Воля и власть

— Горелое займище знаете? — сурово обратился Лутоня к подросткам.

— Ведомо! — отмолвили сразу двое.

— Вота што! С бабами гоните скотину туда! Не потопите дорогою в Гиблом болоте! Серебро там, ковань, зарыть! Двери мшаника — завалить снегом!

Мотя встала бледная, строгая:

— Я остаюсь! Перевязывать кого нать, да и сама… — Лутоня глянул внимательно, не возразил. Еще несколько женок и девок не пожелали бежать, и татарчонок, крадучись, задами вернулся. Строго глянул черными очами своими в дедовы глаза, и дед смолчал. Два медвежьих капкана поставили, прикрывши снегом, у хлевов — невелика защита, а все же!

Варнацкая ватага появилась из леса часа через полтора-два. Сперва вывернул коренник, под дугою болтался и брякал большой колокол-глухарь, с заиндевевших морд коней летели иней и пар. «Эй, хозяева, отворяй вороты, примай молодцов!» — донеслось вместе с заливистым свистом. Мужики, попрятавшиеся там и сям, молчали. Лутоня повел самодельным самострелом, тщательно выцелил и, отведя колесико как можно далее, стрелил. Стрела, хоть и не железная, как у фряжских арбалетов, но утяжеленная свинцом, видимо, попала в кого-то. На санях восстал вопль. Тати горохом посыпались с круто заворотивших розвальней, неровною чередою побежали к избам. Там, назади, уже загорался, вспыхивая, отдельно стоящий овин. Отсюда, недружно, полетели стрелы. Не привыкшие к отпору станичники вспятили и, собираясь кучками, стали совещаться. Скоро несколько душ, задами, заходя справа, полезли в обход к хлевам.

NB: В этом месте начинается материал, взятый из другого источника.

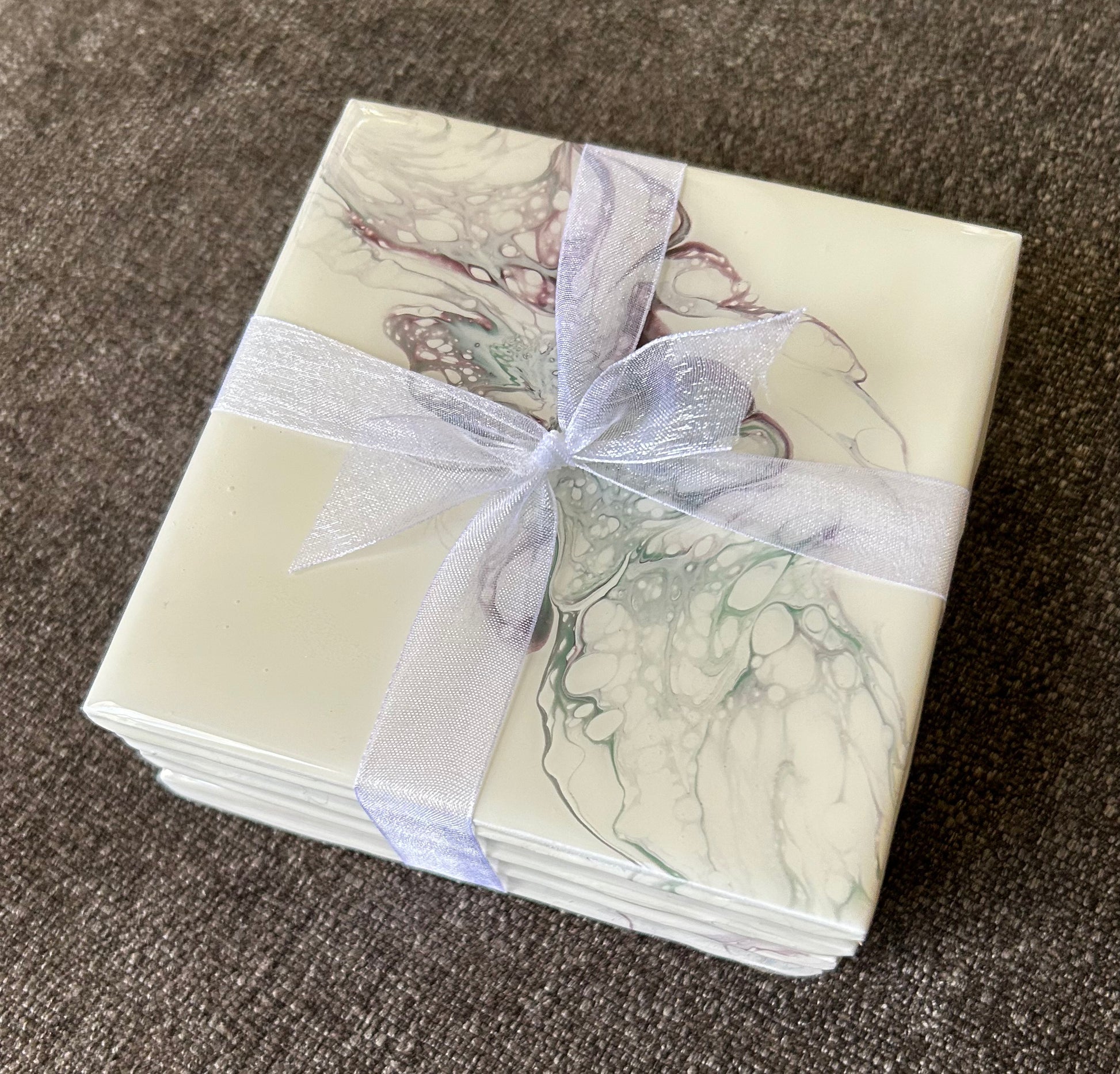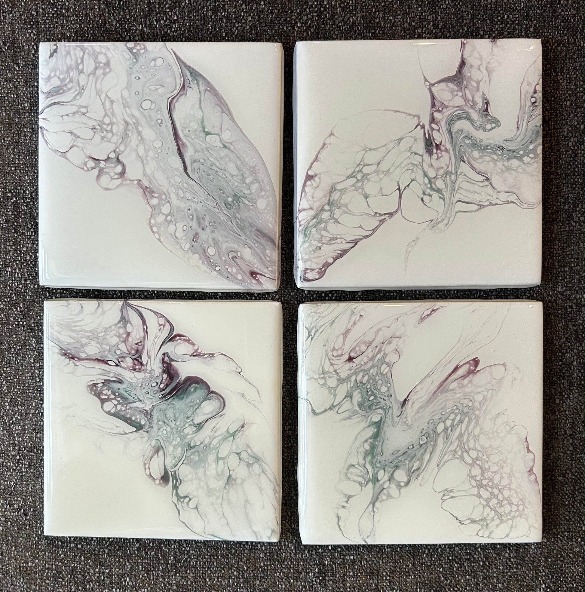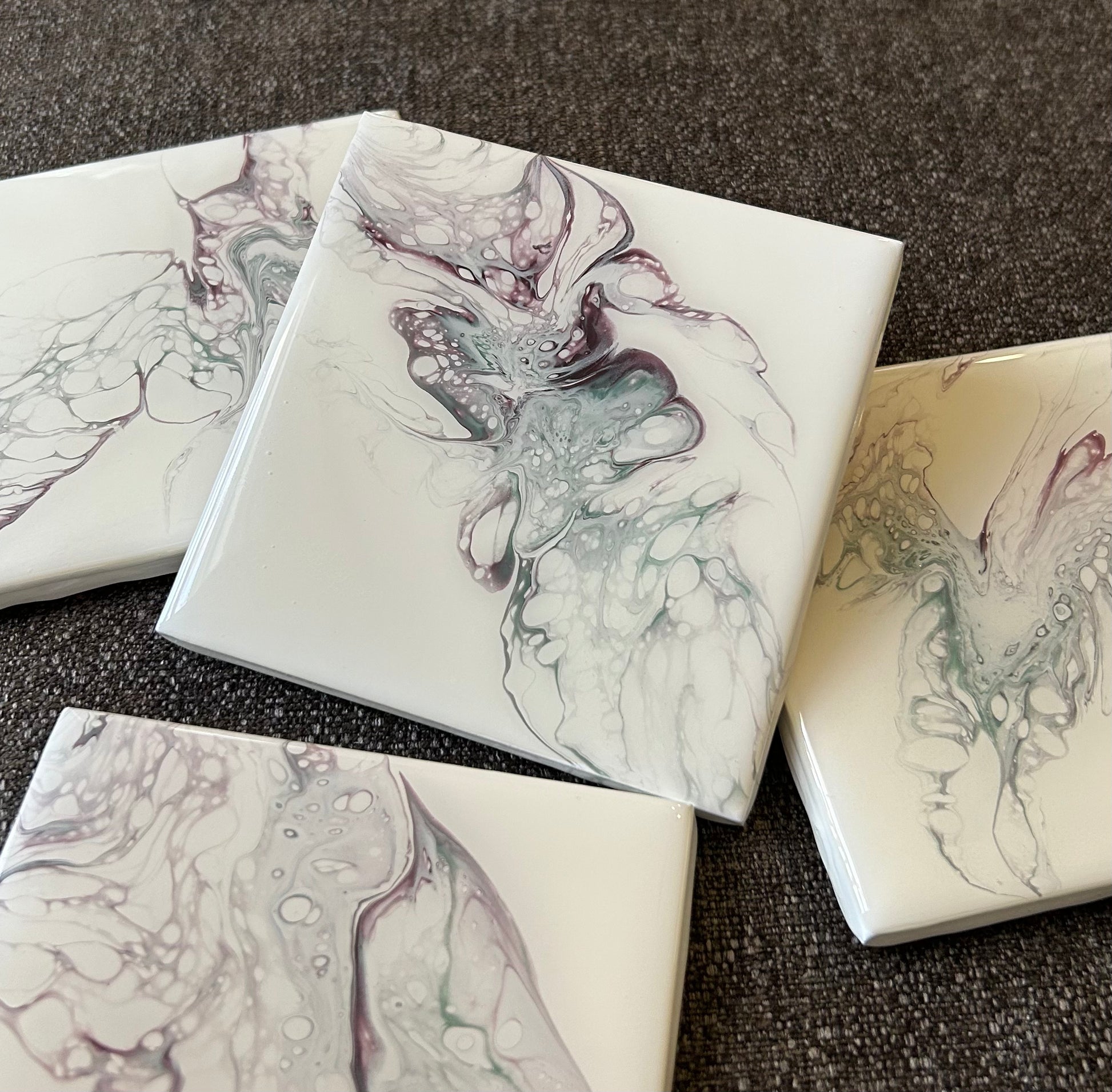 These beautiful fluid art coasters are hand painted and uniquely designed in shades of ivory, purple and green. The set includes 4 different coasters using the same colors so they compliment each other. Each tile measures 4x4 and has been resin sealed and finished with a cork backing to protect furniture. The ceramic tiles can be used for hot or cold beverages.

Скоро несколько душ, задами, заходя справа, полезли в обход к хлевам. Лутоня чуть улыбнулся, вновь наводя самострел. Скоро дикий вопль татя, угодившего в медвежий капкан, прорезал воздух. Тати кучей шевелились там, освобождая товарища. И лучшей цели нельзя было и выдумать. Вторая утяжеленная стрела вонзилась в живую плоть, и тотчас поднялись ор и проклятья.

В это время предводитель взмахнул рукавицей, и тати побежали со всех сторон, уставя копья. Мужики разом выстрелили из луков (многие были охотники и умели стрелять), двое татей споткнулись на бегу, но прочие продолжали бежать, и уже видны были их разгоряченные полупьяные лица. Лутоня решительно встал, уставя рогатину, поднялись и иные, где-то уже проскрежетало железо по железу. Несколько стрел, пробив зипун, ударили его по кольчуге, но кованая железная рубаха спасла. Его только качнуло на ногах, но он устоял, и, стараясь думать о том, что бьет не человека, а медведя, ринул вперед страшно проблеснувшим широким острием рогатины. Крик стоял со всех сторон, и не понять было, кто одолевает. Но вот выскочил наперед Прошка, без зипуна, в одной рубахе алой, праздничной, с татарскою саблею в руках, рубанул одного, другого, третьего и сам рухнул под совокупными ударами топоров и сабель.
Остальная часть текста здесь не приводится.